(DATA FOR THE TASK Opens)

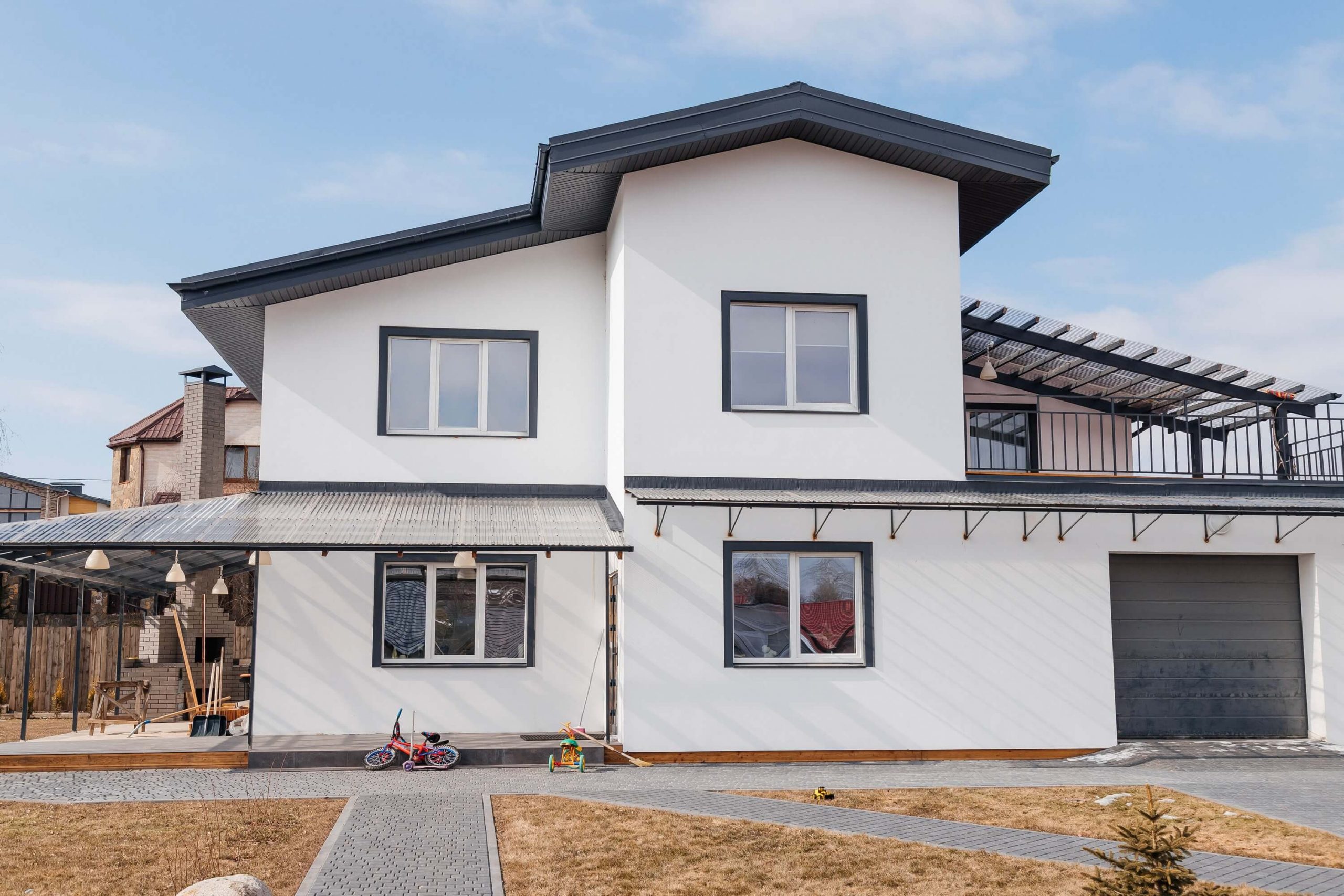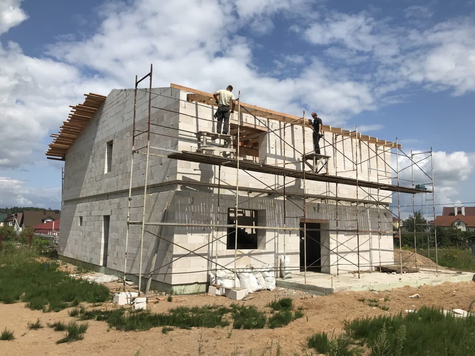Стены из газобетонных блоков: Наружные – 400 мм. D400. Внутренние несущие – 250 мм. D500. Перегородки – 150 мм. D500. Армирование через каждые три ряда + подоконные зоны. Все бетонные элементы утеплены ЭППС + блок для исключения мостиков холода
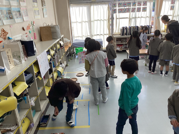 1年生は、近隣の幼稚園・保育園の年長さんを招いて秋遊びをしました。
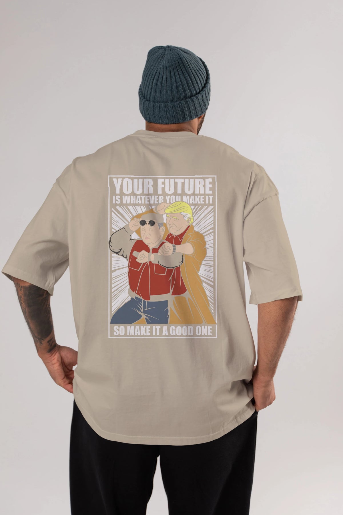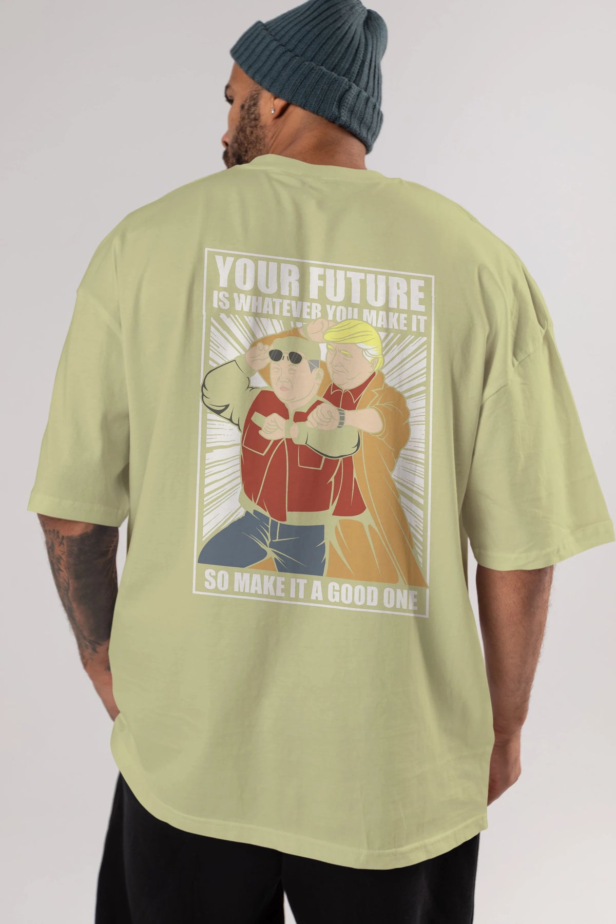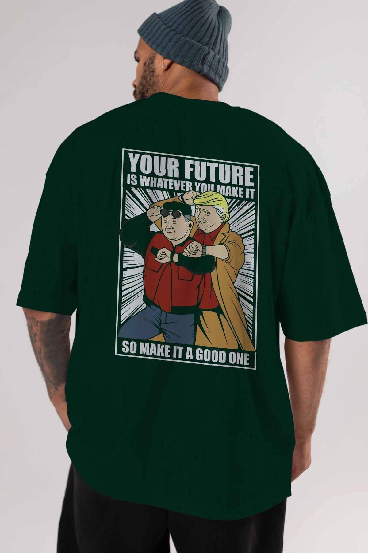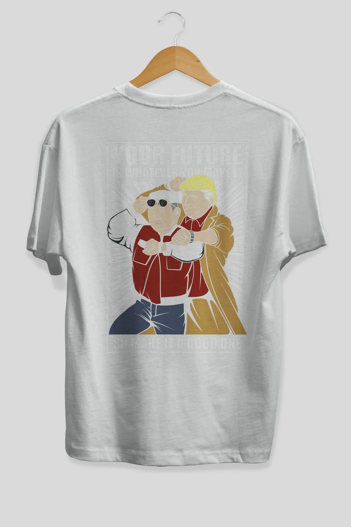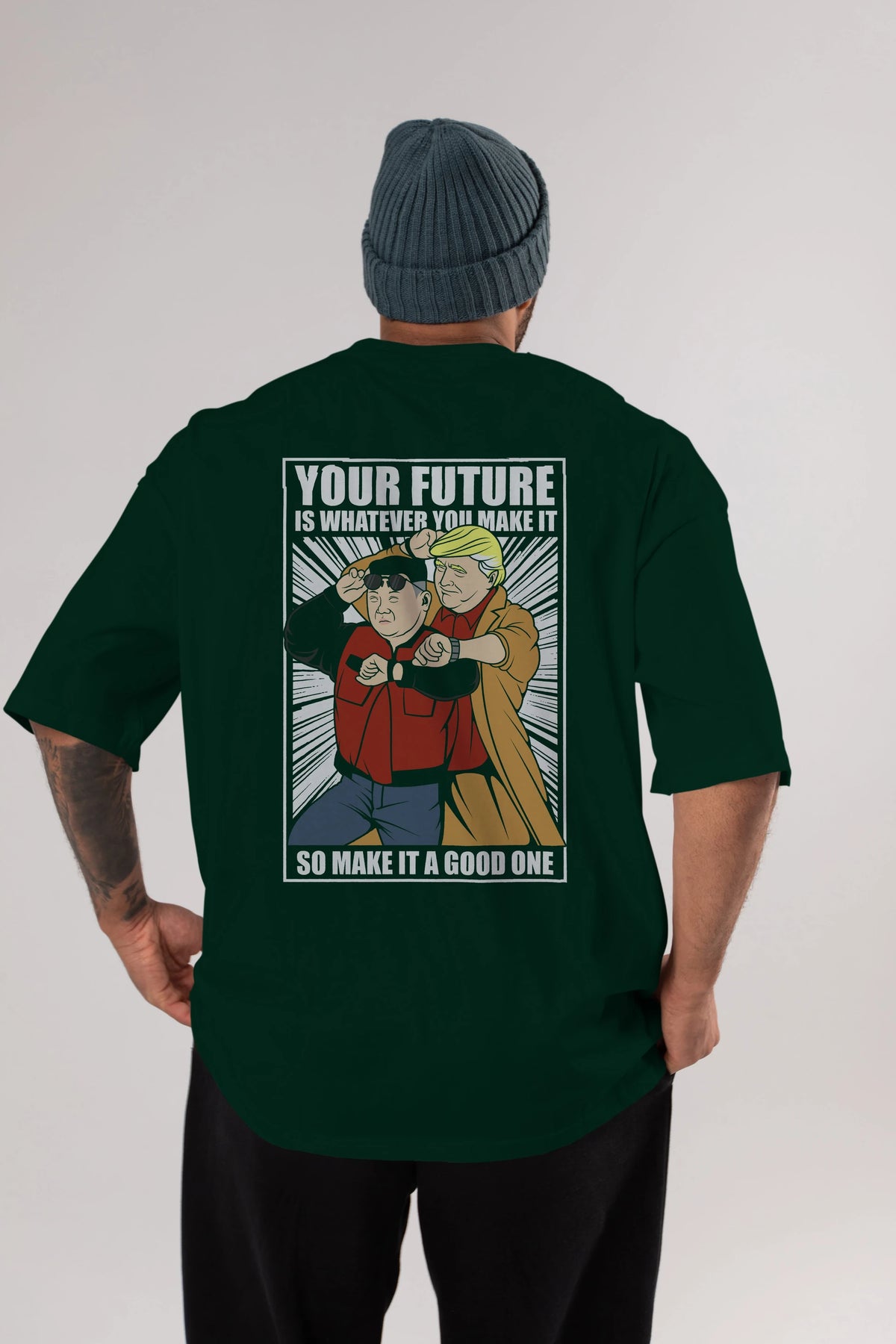 Back To The Future Jong Un Trump Arka Baskılı Oversize t-shirt Erkek Kadın Unisex %100 Pamuk tişort
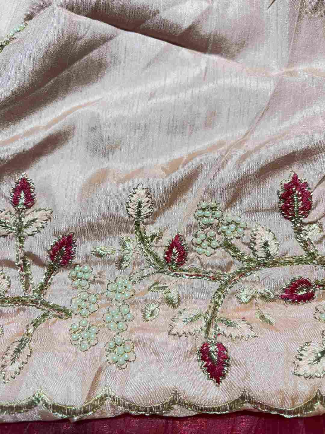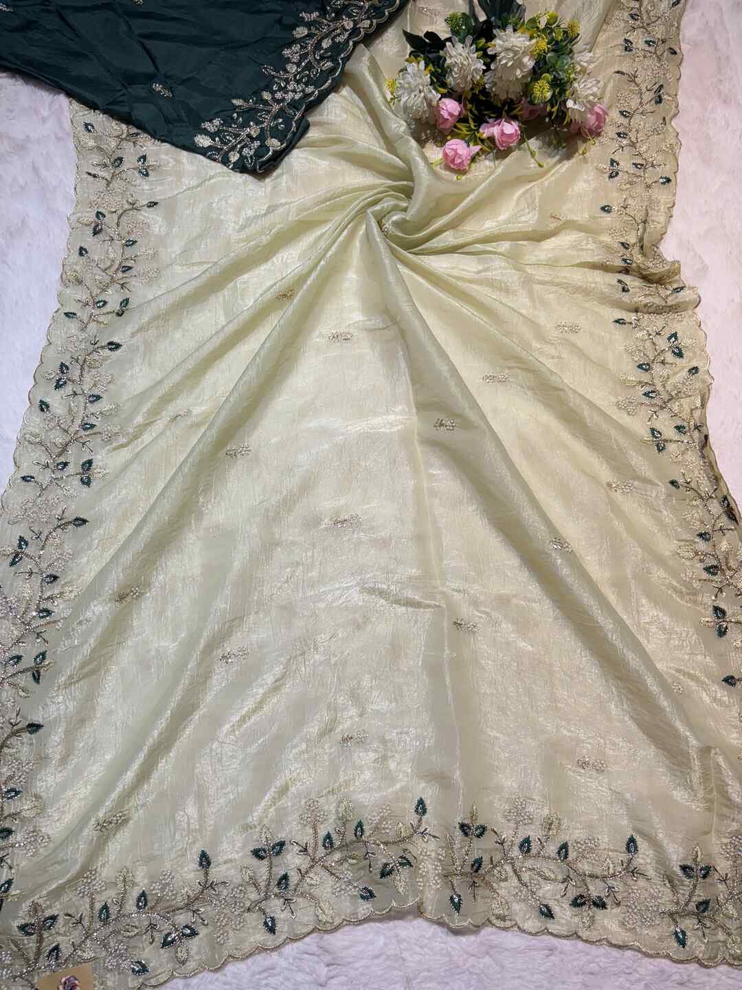 A stunning fusion of artistry: Rich Zardozi embroidery adorns the elegant Crust Tissue fabric, creating a shimmering, regal drape that feels opulent, festive, and effortlessly luxurious.
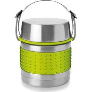 Termomísa v plastovém obalu s nerezovým vnitřkem udrží vložený pokrm po dlouhou dobu teplý nebo naopak chladný.
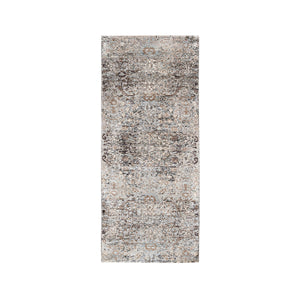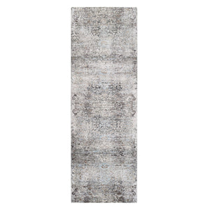 2'6"x10' Gray, Hand Knotted, Transitional Persian Influence Erased Medallion Design, Silk With Textured Wool, Oriental, Runner Rug FWR382242
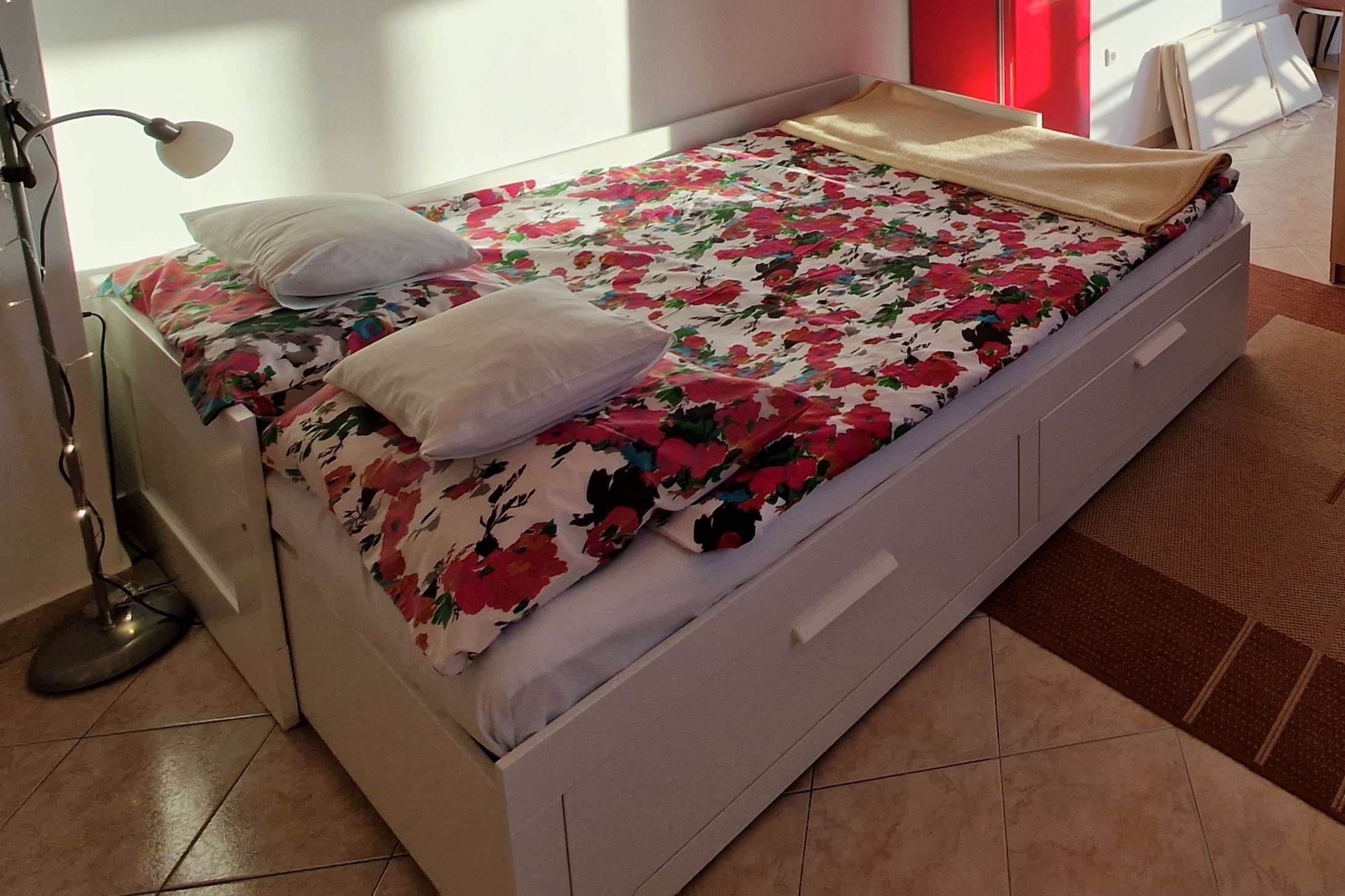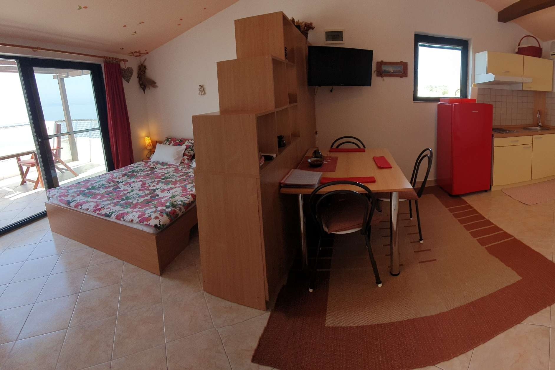 Studio może przyjąć 3 gości. Łóżka znajdują się w sypialniach, których jest 1, oraz w pokoju dziennym, na powierzchni 40m2. Goście mają dostęp do tarasu, by korzystać z ciepłych, letnich wieczorów. Z apartamentu typu studio roztacza się widok na morze. Możliwość przygotowywania posiłków poprzez korzystanie ze wspólnego grilla. WLICZONE W CENĘ: taksa pobytowa, sprzątanie końcowe, klimatyzacja, parking, internet, łóżeczko dziecięce, żelazko, deska do prasowania, suszarka do włosów, parasol. OBOWIĄZKOWE KOSZTY DODATKOWE: dopłata za krótki termin (procent dopłaty w zalezności od liczby noclegów: 30% - 1, 20% - 2, 10% - 3). Dostępność dodatkowych usług w rezerwowanym terminie oraz ich cenę (jeśli nie jest podana) należy sprawdzić wcześniej. Za dodatowe usługi, które nie zostały uwzględnione w kalkulacji ceny, płaci się bezpośrednio właścicielowi obiektu, pod warunkiem śe gość korzysta z tych usług.
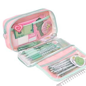 Material: Peso do tecido: 100g Tamanho: 20* 7* 11 cm Design elegante: apresenta uma combinação moderna de cores rosa e verde com um painel transparente, tornando-o funcional e moderno para estudantes e profissionais. Grande capacidade: amplo espaço de armazenamento (20711 cm) para guardar canetas, lápis, borrachas e outros materiais escolares ou de escritório, mantendo tudo bem organizado. Tecido de alta qualidade: feito com tecido leve e durável (100g), garantindo um uso duradouro sem adicionar volume extra à sua bolsa. Versátil e prático: perfeito para materiais escolares, de escritório ou de arte, este estojo multifuncional pode armazenar não apenas artigos de papelaria, mas também outros itens pequenos. Criativo e divertido: o design transparente adiciona um toque moderno, permitindo que você encontre rapidamente o que precisa, enquanto o estilo estético o destaca.
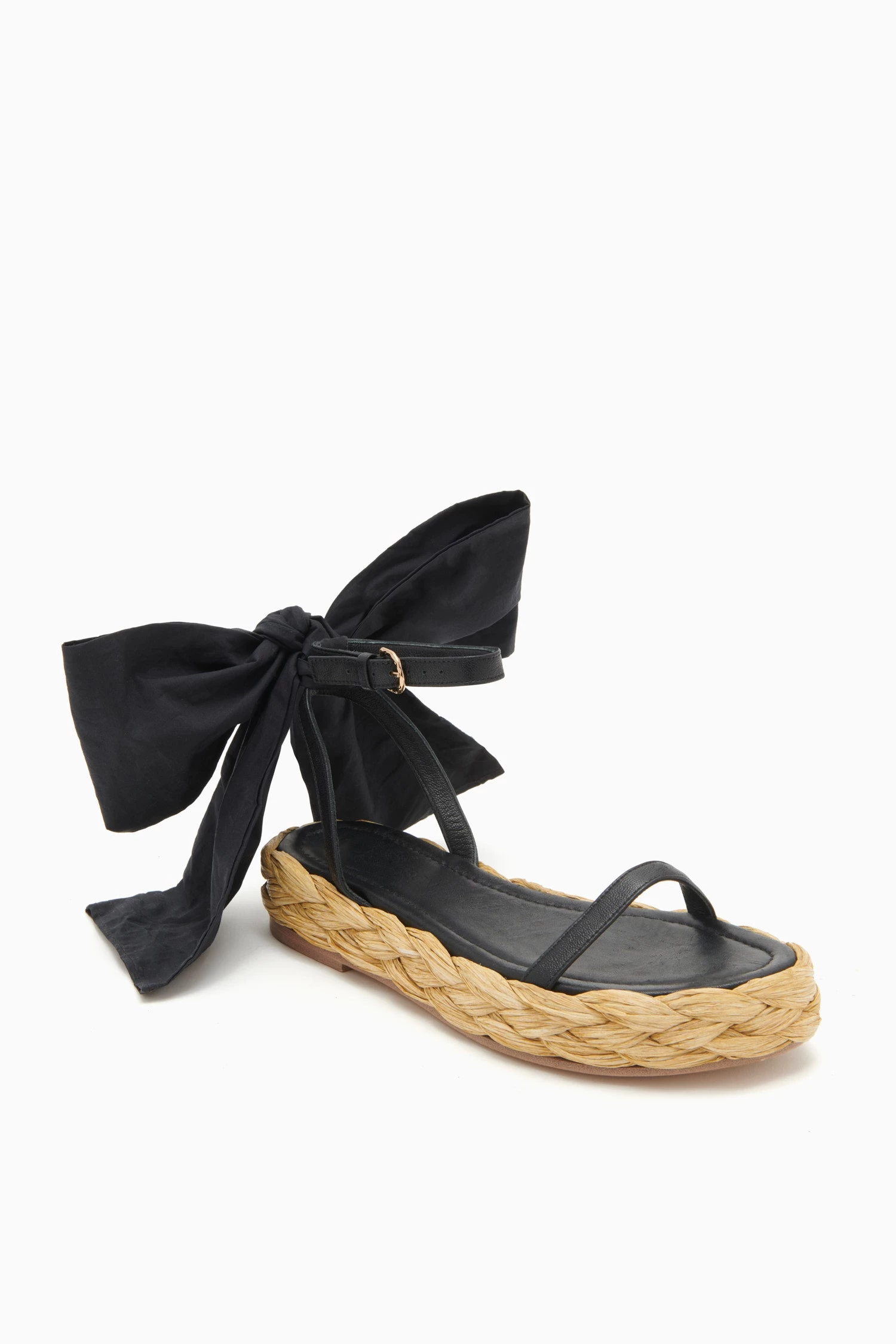 The Clara Bow Flatform is crafted from black leather and sits on a raffia base. This elegant sandal is defined by a dramatic black cotton poplin bow, which is fastened at its center and will remain securely in place while being worn. The bow is designed to sit at the back of the ankle, but it can also be positioned anywhere along the ankle strap, or removed entirely to achieve a more minimalist look.
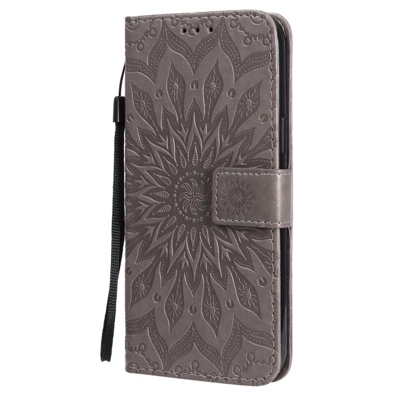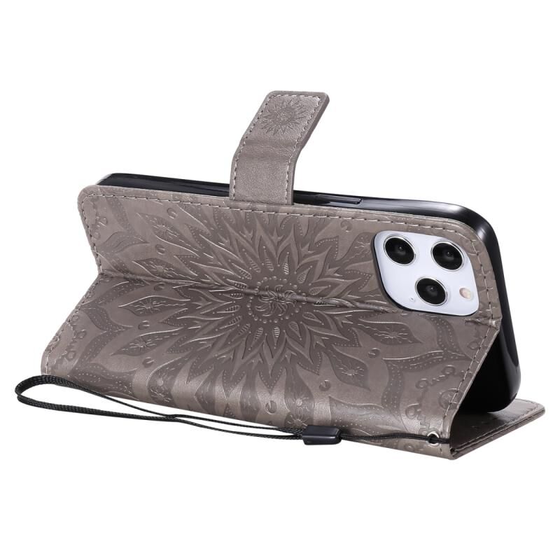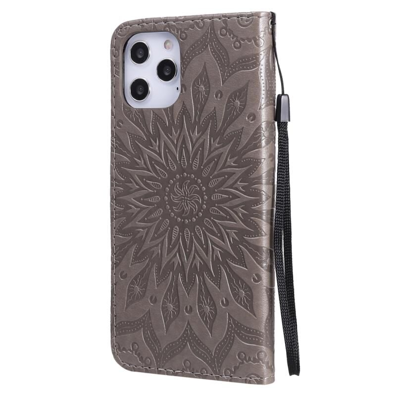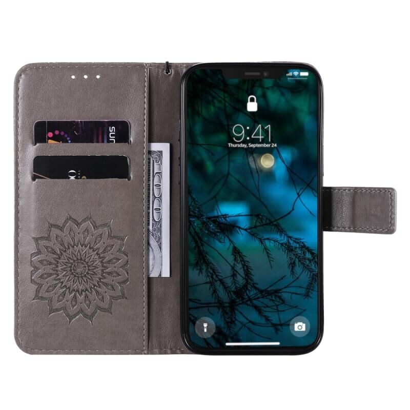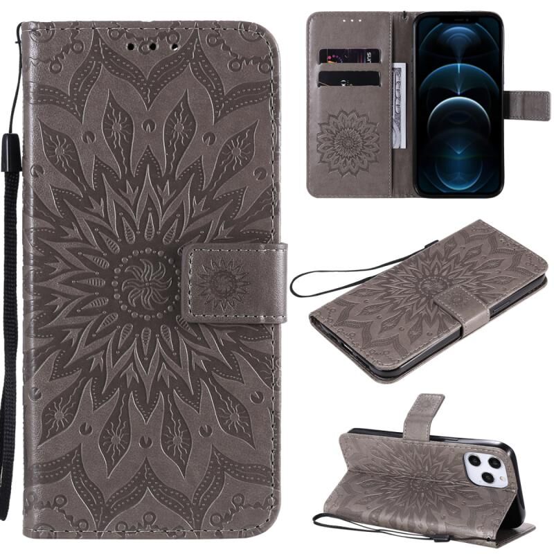 Θήκη για iPhone 12 Pro Max με εκτύπωση σε ανάγλυφο σχέδιο ηλίανθου, οριζόντια, από δερματίνη PU με θήκη & υποδοχές για κάρτες & πορτοφόλι & κορδόνι (Μπλε)

(DATA FOR THE TASK Closes)

● WHAT YOU ARE ASKED TO DO
Copy out the entries exactly. No pictures.

● REPLY TO THE TASK
Стены из газобетонных блоков: Наружные – 400 мм. D400. Внутренние несущие – 250 мм. D500. Перегородки – 150 мм. D500. Армирование через каждые три ряда + подоконные зоны. Все бетонные элементы утеплены ЭППС + блок для исключения мостиков холода
 1年生は、近隣の幼稚園・保育園の年長さんを招いて秋遊びをしました。
 Back To The Future Jong Un Trump Arka Baskılı Oversize t-shirt Erkek Kadın Unisex %100 Pamuk tişort
 A stunning fusion of artistry: Rich Zardozi embroidery adorns the elegant Crust Tissue fabric, creating a shimmering, regal drape that feels opulent, festive, and effortlessly luxurious.
 Termomísa v plastovém obalu s nerezovým vnitřkem udrží vložený pokrm po dlouhou dobu teplý nebo naopak chladný.
 2'6"x10' Gray, Hand Knotted, Transitional Persian Influence Erased Medallion Design, Silk With Textured Wool, Oriental, Runner Rug FWR382242
 Studio może przyjąć 3 gości. Łóżka znajdują się w sypialniach, których jest 1, oraz w pokoju dziennym, na powierzchni 40m2. Goście mają dostęp do tarasu, by korzystać z ciepłych, letnich wieczorów. Z apartamentu typu studio roztacza się widok na morze. Możliwość przygotowywania posiłków poprzez korzystanie ze wspólnego grilla. WLICZONE W CENĘ: taksa pobytowa, sprzątanie końcowe, klimatyzacja, parking, internet, łóżeczko dziecięce, żelazko, deska do prasowania, suszarka do włosów, parasol. OBOWIĄZKOWE KOSZTY DODATKOWE: dopłata za krótki termin (procent dopłaty w zalezności od liczby noclegów: 30% - 1, 20% - 2, 10% - 3). Dostępność dodatkowych usług w rezerwowanym terminie oraz ich cenę (jeśli nie jest podana) należy sprawdzić wcześniej. Za dodatowe usługi, które nie zostały uwzględnione w kalkulacji ceny, płaci się bezpośrednio właścicielowi obiektu, pod warunkiem śe gość korzysta z tych usług.
 Material: Peso do tecido: 100g Tamanho: 20* 7* 11 cm Design elegante: apresenta uma combinação moderna de cores rosa e verde com um painel transparente, tornando-o funcional e moderno para estudantes e profissionais. Grande capacidade: amplo espaço de armazenamento (20711 cm) para guardar canetas, lápis, borrachas e outros materiais escolares ou de escritório, mantendo tudo bem organizado. Tecido de alta qualidade: feito com tecido leve e durável (100g), garantindo um uso duradouro sem adicionar volume extra à sua bolsa. Versátil e prático: perfeito para materiais escolares, de escritório ou de arte, este estojo multifuncional pode armazenar não apenas artigos de papelaria, mas também outros itens pequenos. Criativo e divertido: o design transparente adiciona um toque moderno, permitindo que você encontre rapidamente o que precisa, enquanto o estilo estético o destaca.
 The Clara Bow Flatform is crafted from black leather and sits on a raffia base. This elegant sandal is defined by a dramatic black cotton poplin bow, which is fastened at its center and will remain securely in place while being worn. The bow is designed to sit at the back of the ankle, but it can also be positioned anywhere along the ankle strap, or removed entirely to achieve a more minimalist look.
 Θήκη για iPhone 12 Pro Max με εκτύπωση σε ανάγλυφο σχέδιο ηλίανθου, οριζόντια, από δερματίνη PU με θήκη & υποδοχές για κάρτες & πορτοφόλι & κορδόνι (Μπλε)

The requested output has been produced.